Friday, January 11, 2013

Where does that leave me?

Tonight I told a friend a piece of my story.  She sort of knew what I'd been through.  I told her a bit more.  She said it made her feel sick.  She meant it kindly, and I hold nothing against her.  It's sickening.  It makes me feel sick.  It should probably make any sane, rational person feel sick.

But it's also who I am.  It's years of my life.  What the hell do I do with that?  The experiences of years of my life make any sane person want to vomit.  I know I'm not at fault for what happened.  I don't blame myself.  And yet I feel like I bring horrific negativity into the world just by existing and just by holding my story.  I do't want to be ashamed of where I've been.  I want it to be just a part of me like anything else.  I hate that things inside me are so disgusting.  I hate that though I did nothing to cause it, I have become the personification of so much of what is wrong in the world.  I know people are disgusted by those that did it, not by me, but it's still me and it's what I have no choice but to carry with me.
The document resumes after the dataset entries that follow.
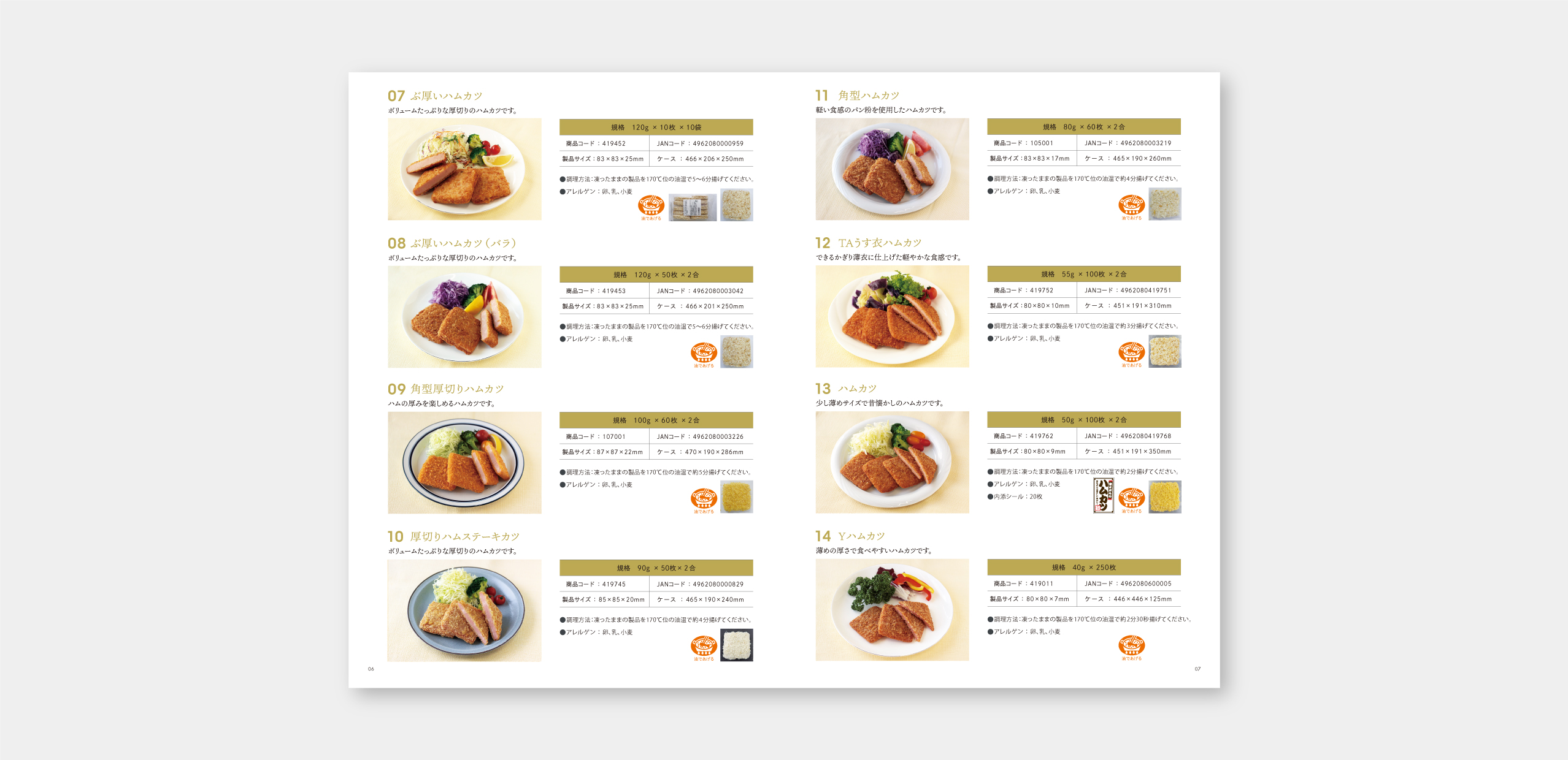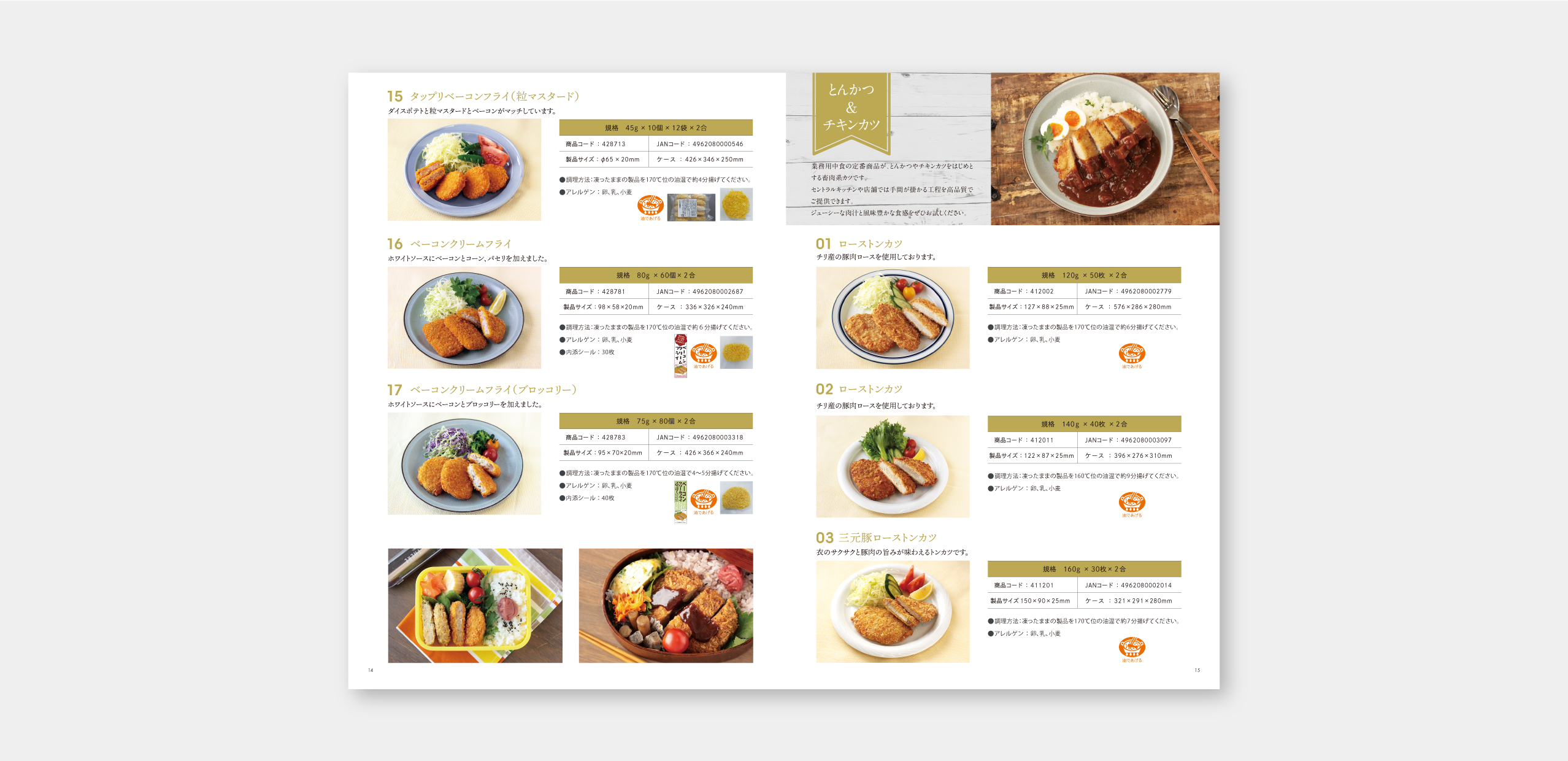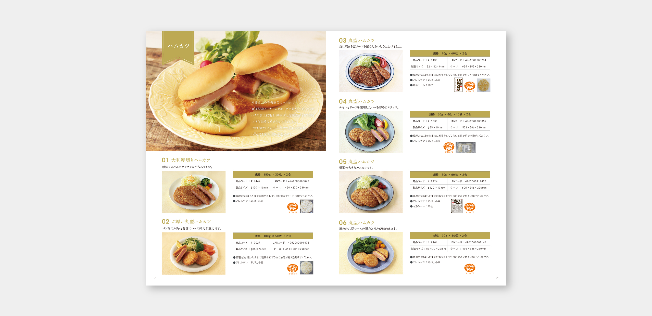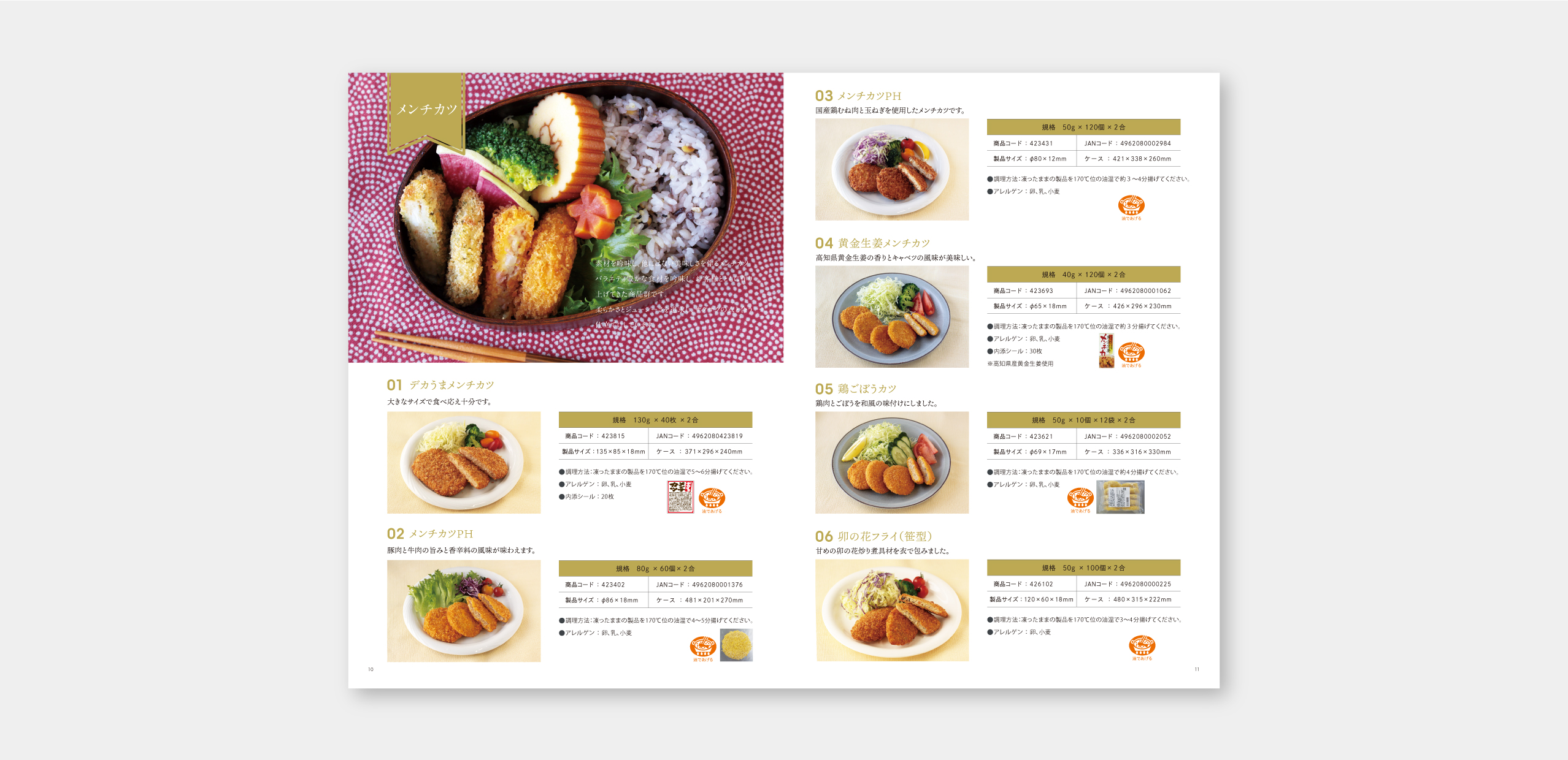 商品がたくさんある中で、人気のハムカツとメンチカツは調理例をメインに素材の美味しさを表現できる工夫づくりにしました。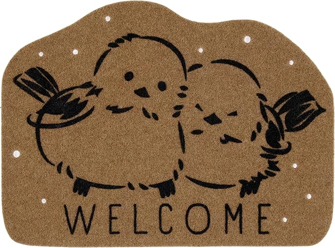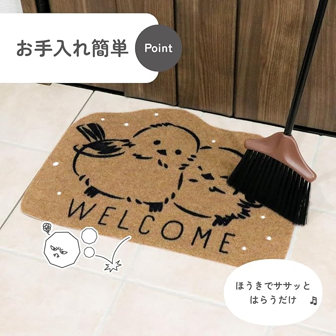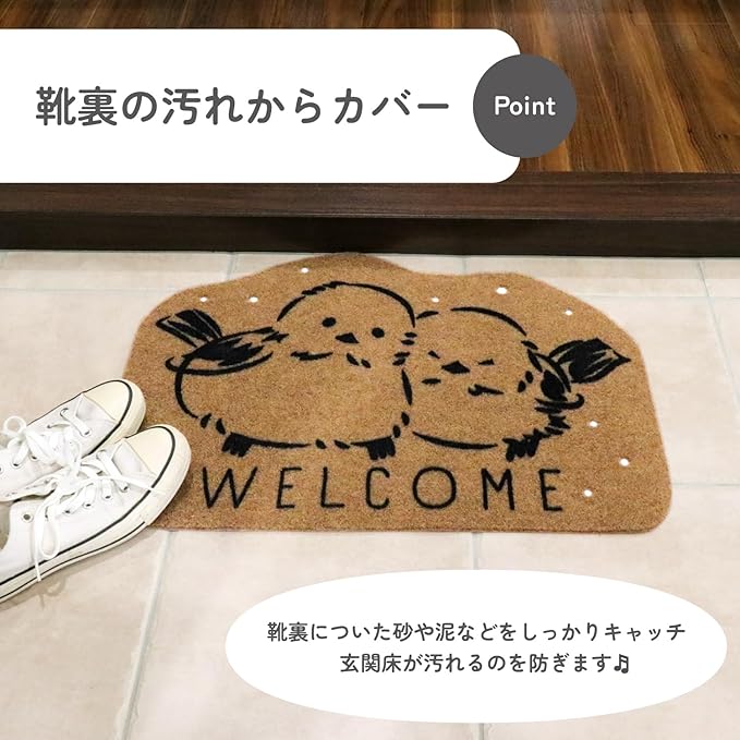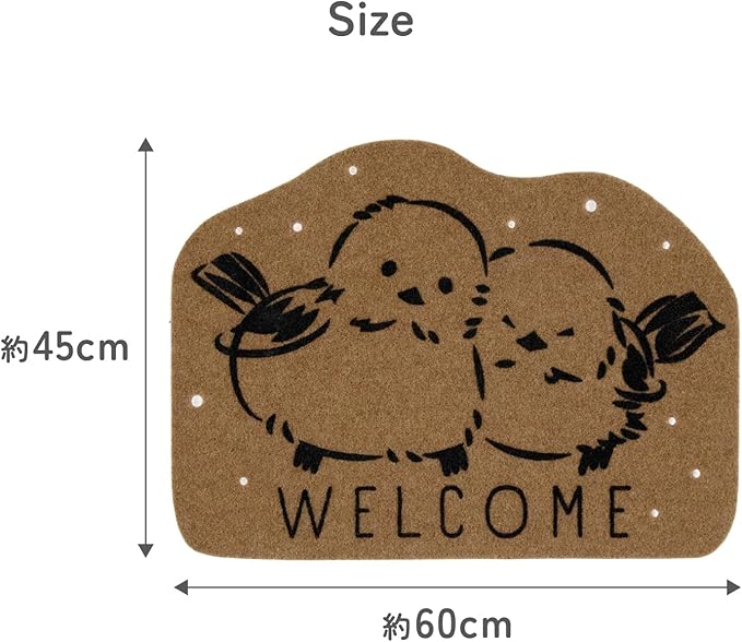 玄関マット シマエナガ ベージュ 幅60 奥行45 高さ0.5cm ドアマット 泥落とし 滑り止め 洗える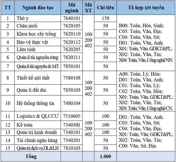 Năm 2026, Phân hiệu trường Đại học Lâm nghiệp tại tỉnh Đồng Nai (VNUF2) dự kiến tuyển sinh 1.000 chỉ tiêu trình độ Đại học chính quy cho 15 ngành đào tạo theo 03 phương thức xét tuyển gồm: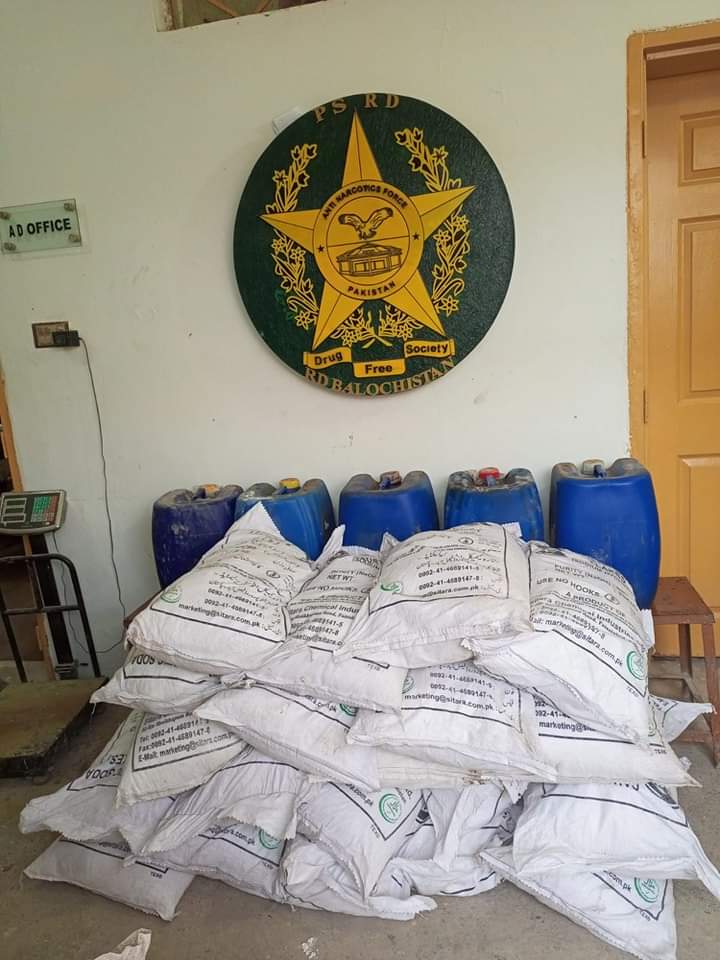 کاروائیوں کے دوران 56 کلوگرام منشیات اور بھاری مقدار میں ممنوعہ کیمیکل برآمد۔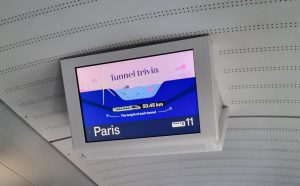 Pe tot parcursul drumului ai acces la Wi-Fi (care nu merge în tunel, desigur) şi sunt nişte ecrane pe care primeşti tot felul de informaţii despre traseu.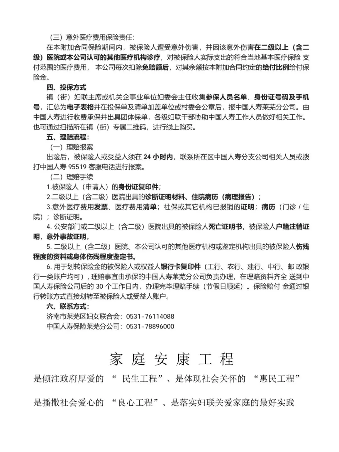 莱芜区妇联与中国人寿保险公司共同推出的一年一度“家庭安康”惠民保险开始了,这是一项面向广大家庭的暖心工程,主要包括重疾保险、交通意外身故/伤残保险和意外医疗费用保险,请大家仔细阅读图片内容,如有投保续保意向请拨打社区电话76233666或直接到社区大厅咨询办理。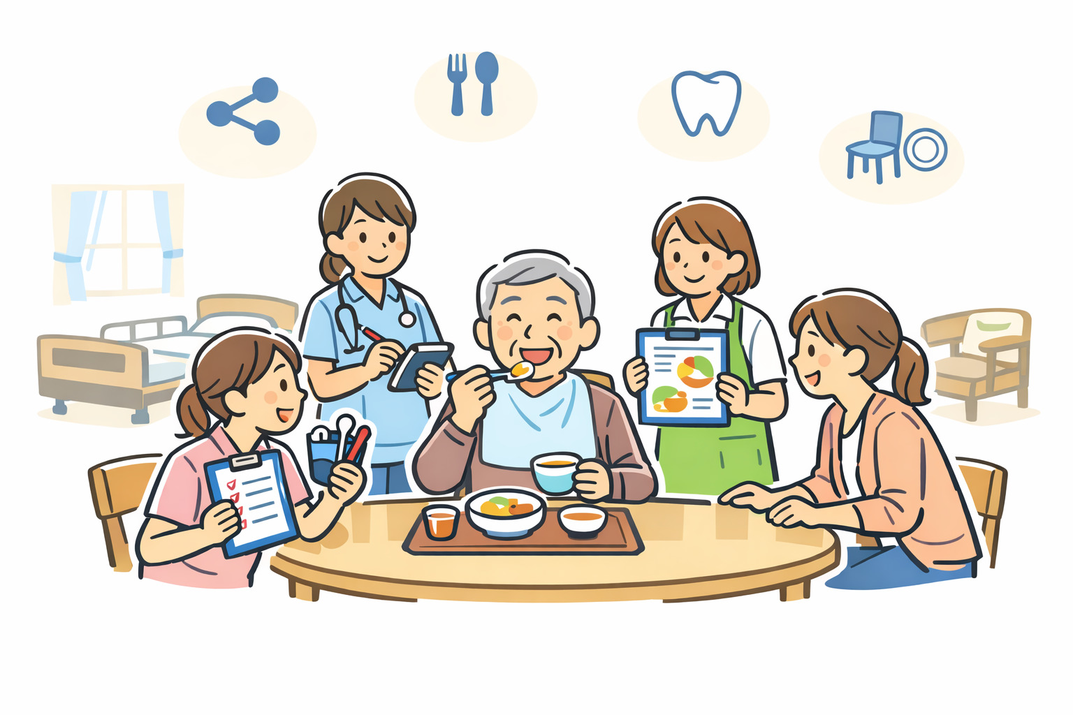 生活の場では、姿勢づくり、食形態、介助方法、服薬、口腔ケア、環境調整、家族の不安対応までが一体です。

I know people mean well when they talk about the things I went through as horrible and that it makes them sad and hurt and angry and sick and everything else.  But where does that leave me?  What do I do with that?  I hate being the bearer of so much evil.  And I don't have the luxury of turning the tv off or walking away from the news.  The images, the experience, will always be with me.

Not sure if I'm even making sense.  I should be sleeping but nightmares are keeping me from it.  The good news is, I didn't wake up afraid from the nightmares.  Just unbelievably pissed off.  I don't hate those who did it so much anymore.  I understand that they were sick people.  But I still hate what they did and hate that it happened.  I hate that I had to experience what I did.  And I hate that the child version of me had to experience so, so much.  I wish I could go back in time to stop them.  To save her.

1 comment:

  1. [quote]I hate that I had to experience what I did. And I hate that the child version of me had to experience so, so much. [/quote]

    You are absolutely not alone in that sentiment.